Leaving Tomorrow

Tomorrow I leave for Ohio. It’s a bittersweet moment. I’m excited to finally be going off on my own, but at the same time I’m sad to leave everything that is familiar (especially my cat!)

It wouldn’t be so bad if I wasn’t going so far away from home. I can’t go home and visit on the weekends. If I have a problem my parents can’t be there to offer help. I’m moving to a city where I know no one. It’s intimidating.

I think it will be good for me though. I’ve been a “home-body” my entire life and going this far away from home will force me to be more social and develop my independence.

I’m hoping I didn’t bring too much stuff. It looks like a small amount piled up in the back of our SUV. My dad says it’s a lot, though it’s a lot less than what my sister brought when she went to college. I just hope I’m able to make my dorm room feel as much like home as possible.
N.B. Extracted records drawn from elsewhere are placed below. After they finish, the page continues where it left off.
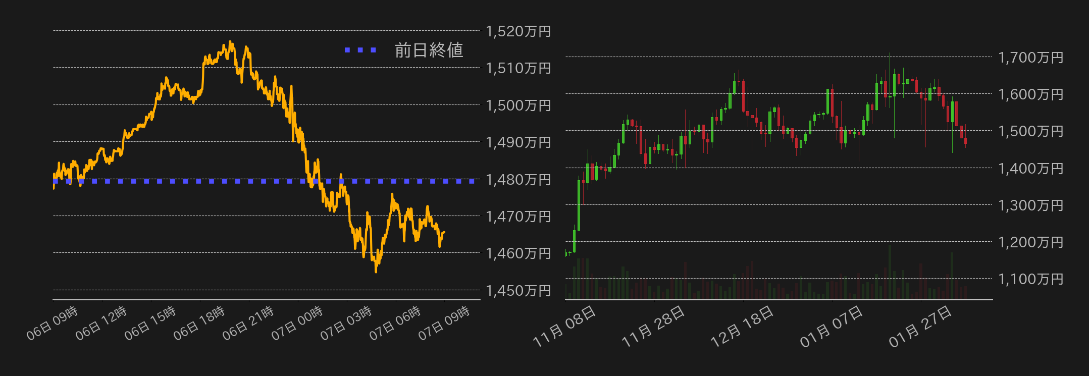 6日のビットコイン(BTC)円は1479万3012円から取引が始まった。前日の下落から売りが一服する中、米連邦預金保険公社(FDIC)の暗号資産(仮想通貨)規制改訂方針が好感され、東京時間の相場は徐々に戻りを試した。欧州時間に入ると1510万円周辺まで戻し、前日の下げを奪回したが、その後は戻り売りが入り上げ幅を縮小。この日の米国時間には、ナスダック総合とS&P500種が上昇したが、BTCの売りは続き、外国為替市場でドル円相場が下落する中、円建てBTC相場の下落には拍車が掛かった。ドル建てBTCの下げ幅は極めて限定的となったが、円建てでは前日の下げ幅を拡大する形となり、米国時間終盤には一時1460万円を割り込む場面もあった。終値にかけてはやや水準を戻し、1465万5082円でこの日の取引を終えた。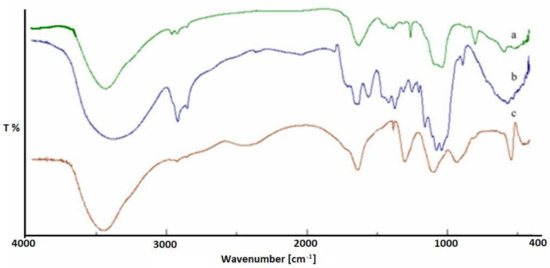 FTIR of β-glucans–chitosan ester (a), β-glucans mixture (b), and carboxylated β-glucans mixture (c).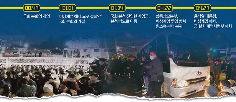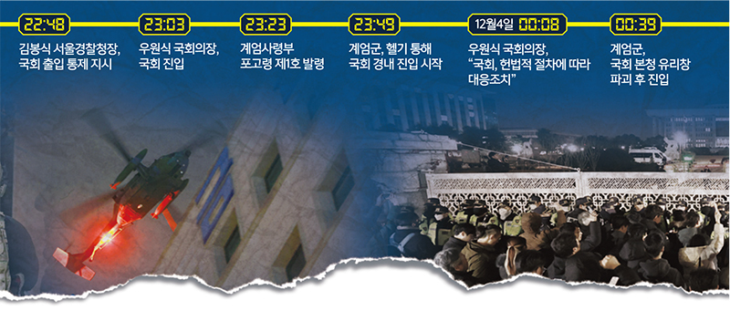 2024년 12월3일. 국민들은 해가 진 이후에도 평소와 다르지 않은 일상을 이어가고 있었다. 그러나 오후 10시23분 윤석열 전 대통령이 대국민 발표를 통해 비상계엄을 선포하면서 국가 운영 체계는 급격히 비상 국면으로 전환됐다. 국민들은 밤새 자발적으로 국회로 모여들고 각자의 자리에서 대응하며 민주주의의 중대한 위기를 막기 위해 총력을 기울였고, 결국 위기의 확산을 저지했다. ◆‘현실’이 된 계엄…기록의 시작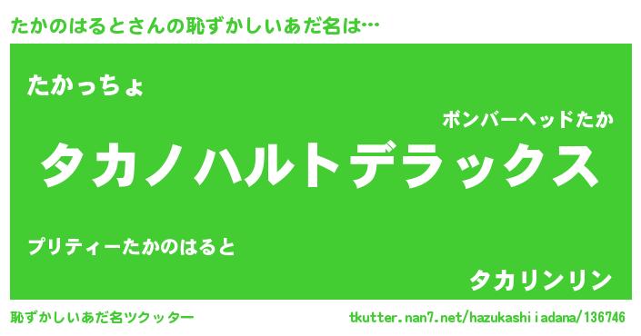 | 意味不明あだ名 | 『自称たかのはると』 |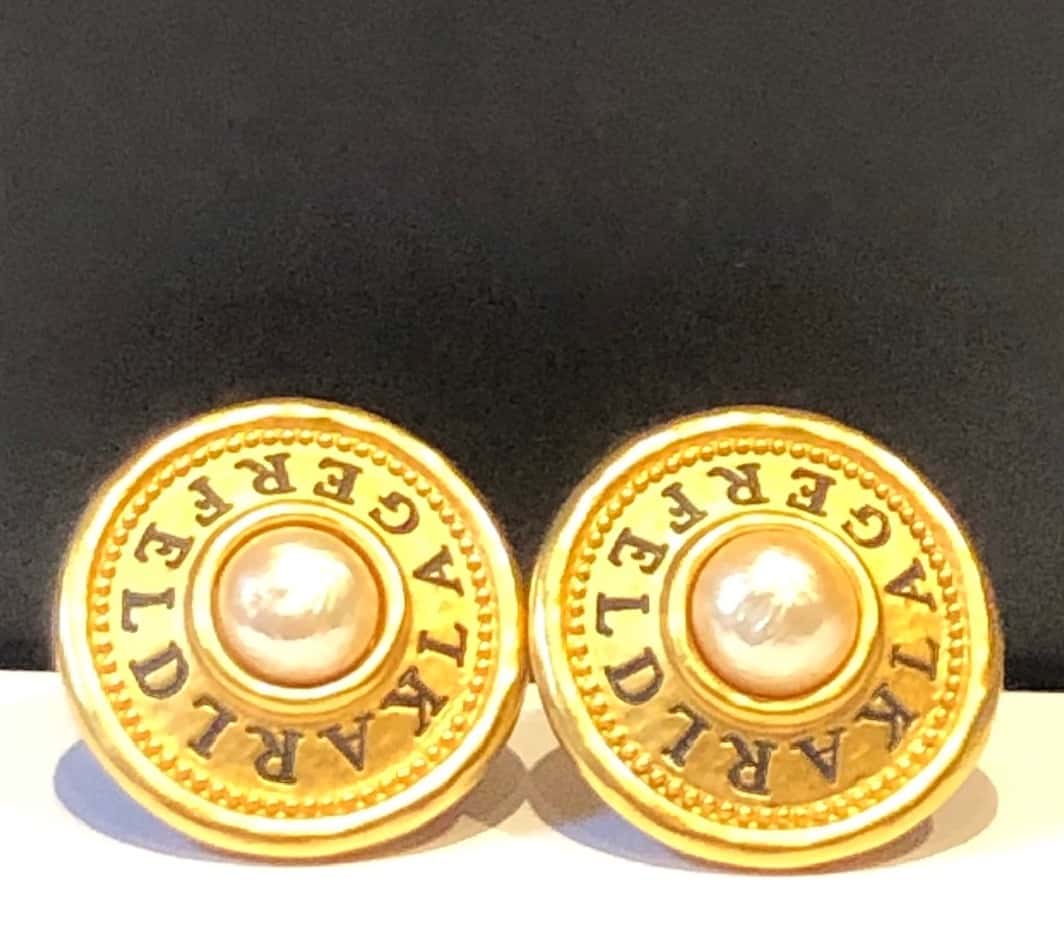 KARL LAGERFELD Vintage Iconic Logo Jumbo Earrings Gold Tone & Pearl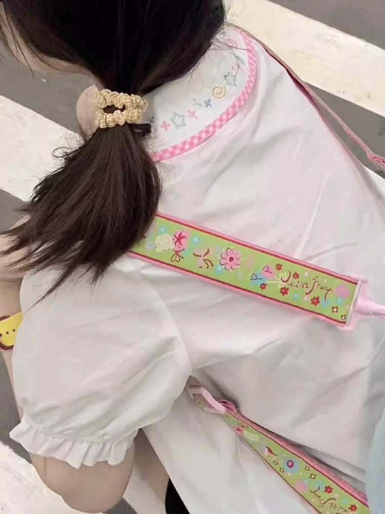 This darling plaid blouse features a sweet doll collar and delicate star embroidery, as if plucked from a bedtime story. With soft puff sleeves and a playful bubble bus motif, it’s a gentle nod to nostalgic childhood and dreamy summer afternoons.

Hopefully I won’t cry too much. And hopefully Sunday goes smoothly. Right now it’s kind of hard to comprehend what’s happening. I feel like it’s happening to somebody else. I’m sure reality will set in once my parents say their final goodbye and I’m all alone.

I’ll blog more once I’m all moved in to my dorm. Right now I’m so exhausted from packing today. It’s been a long day. Hopefully I didn’t forget anything.

But I’m really going to miss my cat.